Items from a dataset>

=== Begin Enclosure ===

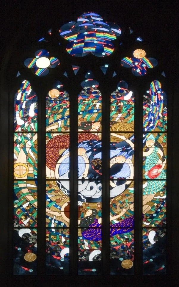 Inspiration for this dynamic design is the theme of Mary Magdalene and the women at the empty tomb. The circle and the spiral are important elements in this window. One circle is that of the circle of the earth which embraces the figures around the tomb, while another circle leads us from the tomb, around the heavens back to the halo of Christ. The strong circular movement is symbolic of the supportive nature of women’s ministry, with the figures bound together with hands out-stretched and integrated with the landscape. God is shown at the centre of the design as a single point. All potential spirals from God.
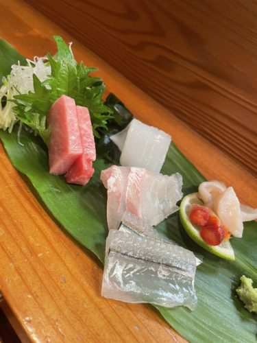 まずはお刺身をいただきます。大トロ、イカ、夜泣き、サヨリ、鯛、ミル貝と!どれもとっても美味しい!イカも甘い~!最高です!
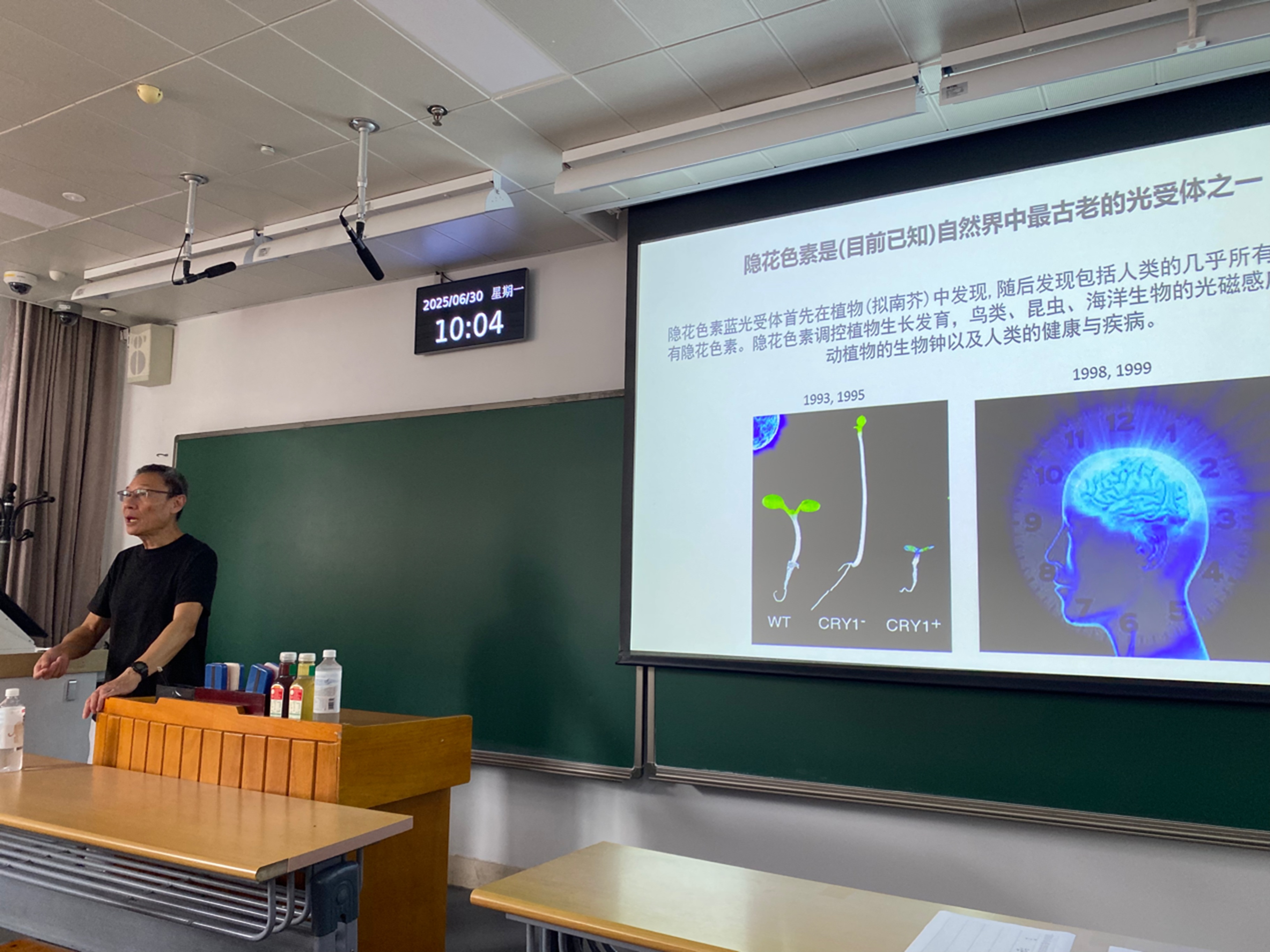 在邓老师介绍的多种神奇植物现象中,植物具有多种趋向性,比如向光性、向水性、避盐性等,引发了同学们对后续课程的思考。其中向光性的研究本质上就是研究植物怎么“看”世界,邓老师介绍了他的实验室在植物光受体研究的发展脉络,并系统的解析了植物如何感知和传导光信号。
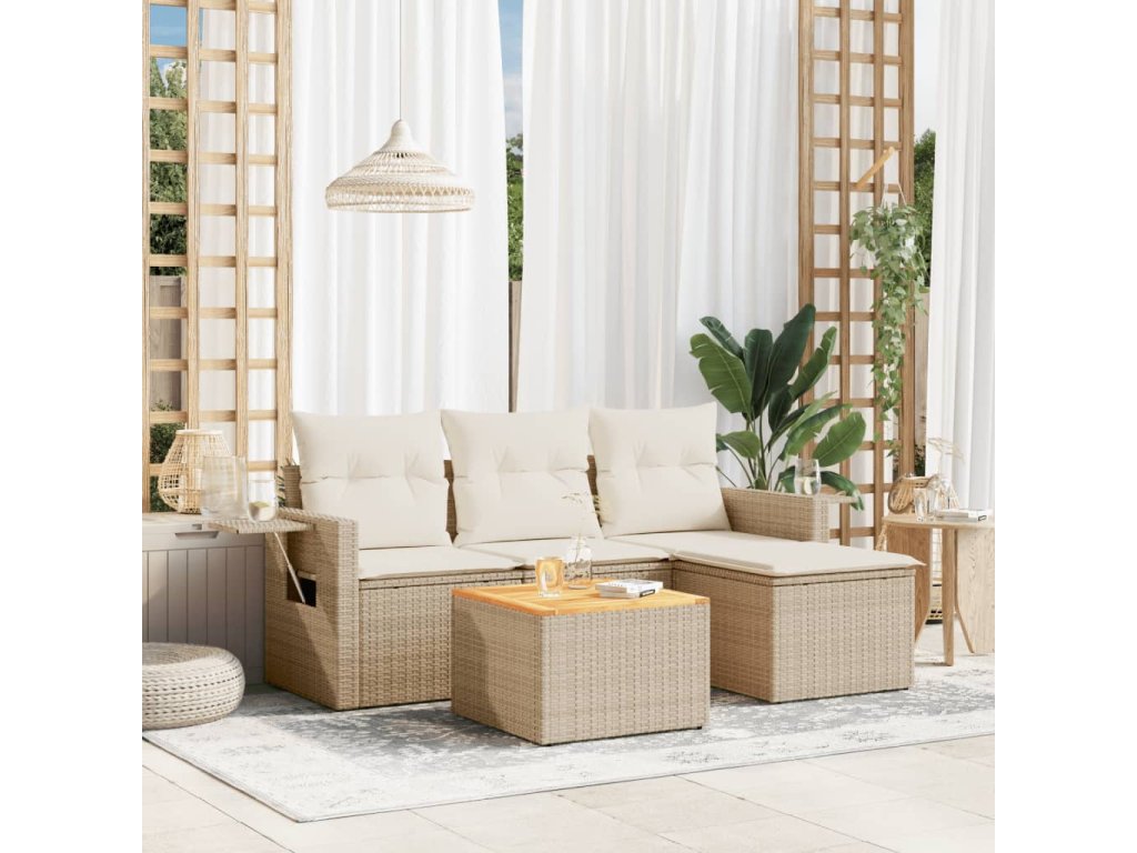 5dílná zahradní sedací souprava s poduškami béžová polyratan 3256863
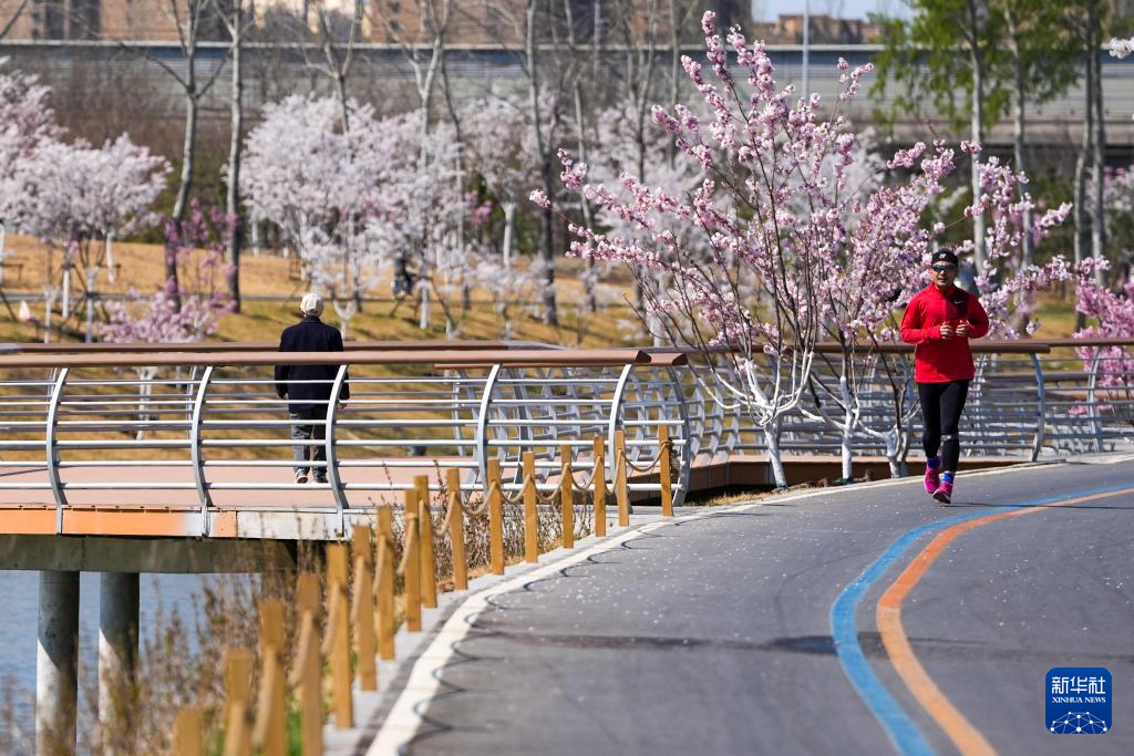 市民在鲜花盛开的北京市坝河岸边跑步锻炼(4月1日摄)。
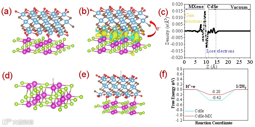 图4. DFT计算CdSe-MXene的结构模型(a),电荷密度差(b)和沿Z方向的平面平均电子密度差(c), CdSe (d)和CdSe-MX (e)吸附H的示意性结构模型, CdSe和CdSe-MX反应的自由能图(f)。

=== End Enclosure ===

Work order>
With pictures left out, transcribe each line from the one containing "在邓老师介绍的多种神奇植物现" through the end of the data, both ends included.

Expected answer>
 在邓老师介绍的多种神奇植物现象中,植物具有多种趋向性,比如向光性、向水性、避盐性等,引发了同学们对后续课程的思考。其中向光性的研究本质上就是研究植物怎么“看”世界,邓老师介绍了他的实验室在植物光受体研究的发展脉络,并系统的解析了植物如何感知和传导光信号。
 5dílná zahradní sedací souprava s poduškami béžová polyratan 3256863
 市民在鲜花盛开的北京市坝河岸边跑步锻炼(4月1日摄)。
 图4. DFT计算CdSe-MXene的结构模型(a),电荷密度差(b)和沿Z方向的平面平均电子密度差(c), CdSe (d)和CdSe-MX (e)吸附H的示意性结构模型, CdSe和CdSe-MX反应的自由能图(f)。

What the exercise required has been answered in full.